For footwear maker Crocs, the need to spread out operations became clearer during the pandemic. After years of transferring footwear manufacturing out of China, it was expecting to make 70% of its production in Vietnam in 2021. That summer Vietnam’s government imposed severe Covid-19 restrictions.
Crocs was forced to shift orders in a flash to a small unit in Bosnia and Herzegovina and to Indonesia, where it opened a second factory later that year. It now produces around half its Crocs-branded products in Vietnam, down from three quarters in 2020. The company is also working to set up a production base in India.

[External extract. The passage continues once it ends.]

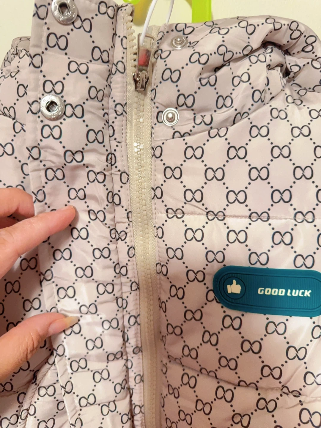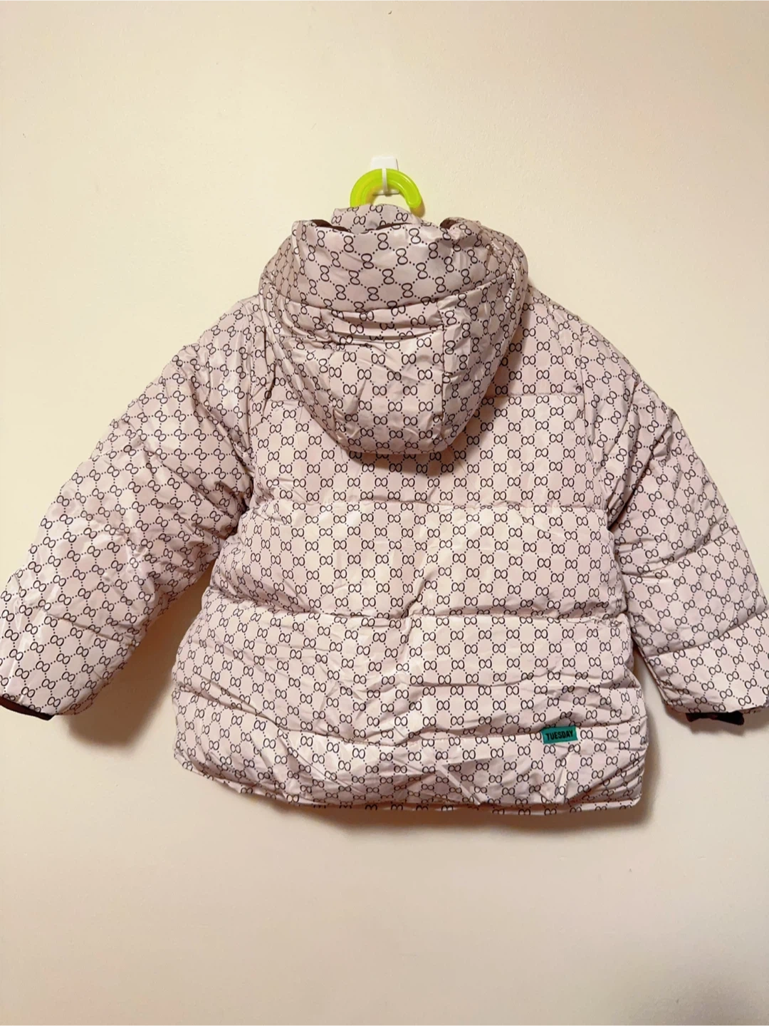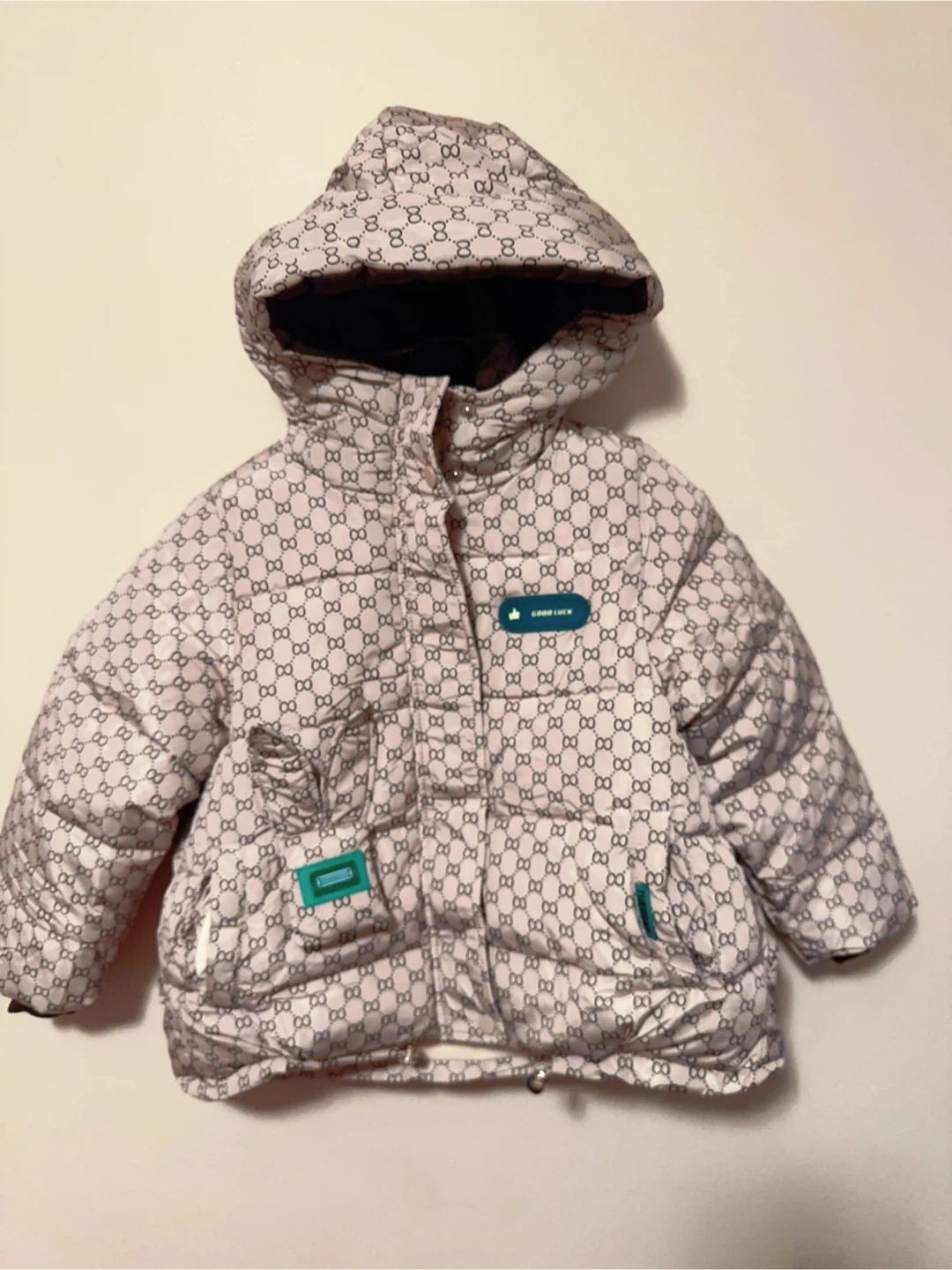 A super cute and cozy padded winter jacket for kids! It features a repeating pattern and a hood to keep your little one warm during the colder months. It's in great condition and ready for a new home!

“Diversification is overall beneficial without many downsides," Anne Mehlman, the company’s chief financial officer, said in an email. Given the unpredictability of global macro events, having a diverse manufacturing base helps, she said. Crocs’ classic clog has just three components, making it easier to increase production at new sites.
Apple electronics are more complex, but the iPhone-maker is also spreading out. Apple’s disclosed suppliers in India grew from seven in 2018 to 14 by 2022. J.P. Morgan estimates India will produce a quarter of all iPhones by 2025.
Over the same four-year span, its suppliers in Vietnam, which produces earphones and other devices, increased from 14 to 25. The company has increased spending with European suppliers by more than 50% since 2018.
The world’s largest shoemakers, which had years ago split production three ways between China, Vietnam and Indonesia, are branching out even more. A manager at a Vietnam factory said major Western sneaker brands that buy from them had urged his company to set up in Bangladesh and India.
Taiwanese shoe manufacturer Pou Chen, which supplies Nike and Adidas, will through a subsidiary set up a $280 million manufacturing facility in the Indian state of Tamil Nadu, a local Indian government agency announced in April. Earlier that month, the agency said it had given another Taiwanese shoemaking contractor 130 acres of land for a factory that is expected to generate 20,000 jobs.
Some analysts say high interest rates and a sluggish global economy will force businesses to slow-walk ambitious diversification as finance directors become wary of expenses such as new factories. “The spirit is willing but the flesh might be weak in many of these instances," said Chris Rogers, head of supply-chain research at S&P Global Market Intelligence.
Lovesac’s Nelson acknowledges the difficulties. Spreading out across Asia involved making adjustments for the impact of different humidity levels on the wood they use. Local workers had to be trained from scratch.
The biggest challenge in moving westward is raw materials, such as textiles and plastic pellets, said Nelson. He would like his North American factories to source components from the region. But many fabrics Lovesac needs are hardly made in the Western Hemisphere and when they are, they tend to be 50% to 100% more expensive, which could mean coming to terms with higher costs.
Nelson said he has asked himself if having factories in multiple Asian countries might be enough. “I’m not sure, and that is why we won’t stop," he said of the company’s diversification drive.